Oliver Keyes <[email protected]>


Count the number of sessions in a sessionised dataset

Description

link{session_count} counts the number of sessions in a sessionised dataset, producing either a count for the overall dataset or on a per-user basis (see below).

Usage

session_count(sessions, user_id = NULL)

Arguments

sessions

a dataset of sessions, presumably generated by sessionise

user_id

the column of sessions containing user IDs. If NULL (the default), a single count of sessions for the entire dataset will be generated.

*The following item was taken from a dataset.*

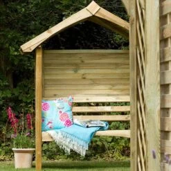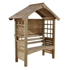 The arbour has a solid timber roof and back panel to keep you protected from any unexpected rain showers. The timber used has been Pressure Treated by the manufacturer to give it a 15 year guarantee against rot and fungal decay.
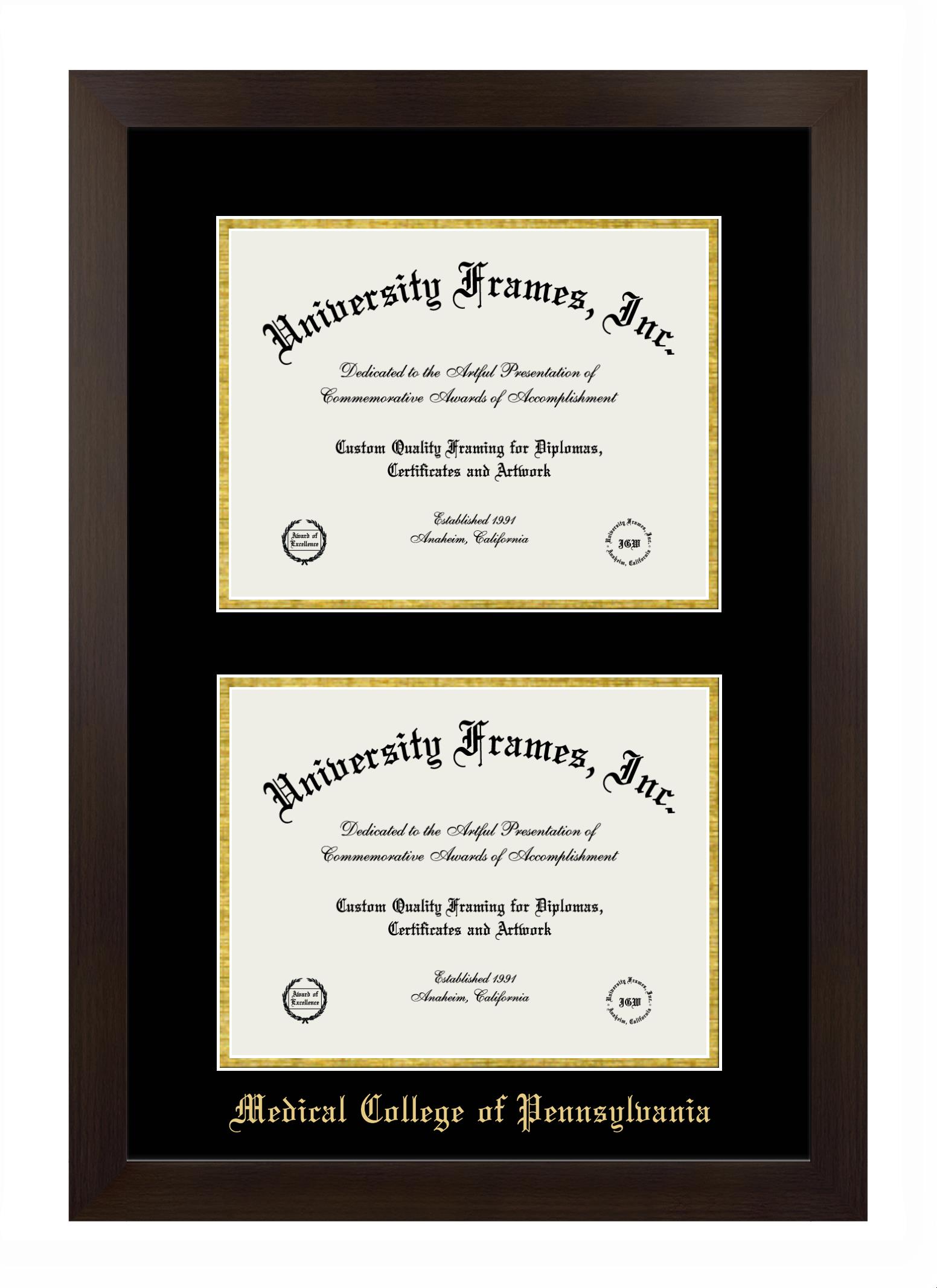 Hey there, Medical College of Pennsylvania grads. Congratulations on your accomplishment! Earning a degree is an achievement to be cherished forever. At University Frames, we create professional diploma frames for Medical College of Pennsylvania grads and alumni, offering them an elegant and impressive way to treasure their hard-earned diploma for a lifetime. Each of our degree frames is handcrafted in the US and custom-sized to fit the official Medical College of Pennsylvania diplomas. Customize your graduation frame using our easy and intuitive online design tool.

Otherwise, a data.frame of user IDs and the session count for each user ID will be returned.

Value

either a single integer value or a data.frame (see above).

Examples

#Load and sessionise the dataset
data("session_dataset")
sessions <- sessionise(session_dataset, timestamp, uuid)

# Calculate overall bounce rate
count <- session_count(sessions)

# Calculate session count on a per-user basis
per_user <- session_count(sessions, user_id = uuid)

Example event dataset

Description

an example dataset of events, for experimenting with session reconstruction and analysis

Usage

session_dataset

Format

a data.frame of 63,524 rows consisting of:

uuid

Hashed and salted unique identifiers representing 10,000 unique clients.

timestamp

timestamps, as POSIXct objects

url

URLs, to demonstrate the carrying-along of metadata through the sessionisation process

Source

The uuid and timestamp columns come from an anonymised dataset of Wikipedia readers; the URLs are from NASA's internal web server, because space is awesome.


Calculate session length

Description

Calculate the overall length of each session.

Usage

session_length(sessions)

Arguments

sessions

a dataset of sessions, presumably generated with sessionise.

Value

a data.frame of two columns - session_id, containing unique session IDs, and session_length, containing the length (in seconds) of that particular session.

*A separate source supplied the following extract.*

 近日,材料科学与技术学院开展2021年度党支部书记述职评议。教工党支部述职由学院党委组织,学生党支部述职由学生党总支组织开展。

Please note that these lengths should be considered a minimum; because of how sessions behave, calculating the time-on-page of the last event in a session is impossible.

See Also

sessionise for session reconstruction, and time_on_page, session_count and bounce_rate for other session-related metrics.

Examples

#Load and sessionise the dataset
data("session_dataset")
sessions <- sessionise(session_dataset, timestamp, uuid)

# Calculate session length
len <- session_length(sessions)

Reconstruct sessions (experimental)

Description

sessionise takes a data.frame of events (including timestamps and user IDs) and sessionises them, returning the same data.frame but with two additional columns - one containing a unique session ID, and one the time difference between successive events in the same session.

Usage

sessionise(x, timestamp, user_id, threshold = 3600)

Arguments

x

a data.frame of events.

timestamp

the name of the column of x containing timestamps, which should be (either) a representation of the number of seconds, or a POSIXct or POSIXlt date/time object. If it is neither, strptime can be used to convert most representations of date-times into POSIX formats.

user_id

the name of the column of x containing unique user IDs.

threshold

the number of seconds to use as the intertime threshold - the time that can elapse between two events before the second is considered part of a new session. Set to 3600 (one hour) by default.

Value

x, ordered by userID and timestamp, with two new columns - session_id (containing a unique ID for the session a row is in) and delta (containing the time elapsed between that row's event, and the previous event, if they were both in the same session).

See Also

bounce_rate, time_on_page, session_length and session_count - common metrics that can be calculated with a sessionised dataset.

Examples

# Take a dataset with URLs and similar metadata and sessionise it -
# retaining that metadata

data("session_dataset")
sessionised_data <- sessionise(x = session_dataset,
                              timestamp = timestamp,
                              user_id = uuid,
                              threshold = 1800)

Calculate time-on-page metrics

Description

time_on_page generates metrics around the mean (or median) time-on-page - on an overall, per-user, or per-session basis.

Usage

time_on_page(sessions, by_session = FALSE, median = FALSE, precision = 2)

Arguments

sessions

a sessions dataset, presumably generated with sessionise.

by_session

Whether to generate time-on-page for the dataset overall (FALSE), or on a per-session basis (TRUE). FALSE by default.

median

whether to generate the median (TRUE) or mean (FALSE) time-on-page. FALSE by default.

precision

the number of decimal places to round the output to - set to 2 by default.

Value

either a single numeric value, representing the mean/median time on page for the overall dataset, or a data.frame of session IDs and numeric values if by_session is TRUE.

See Also

sessionise for session reconstruction, and session_length, session_count and bounce_rate for other session-related metrics.

Examples

#Load and sessionise the dataset
data("session_dataset")
sessions <- sessionise(session_dataset, timestamp, uuid)

# Calculate overall time on page
top <- time_on_page(sessions)

# Calculate time-on-page on a per_session basis
per_session <- time_on_page(sessions, by_session = TRUE)

# Use median instead of mean
top_med <- time_on_page(sessions, median = TRUE)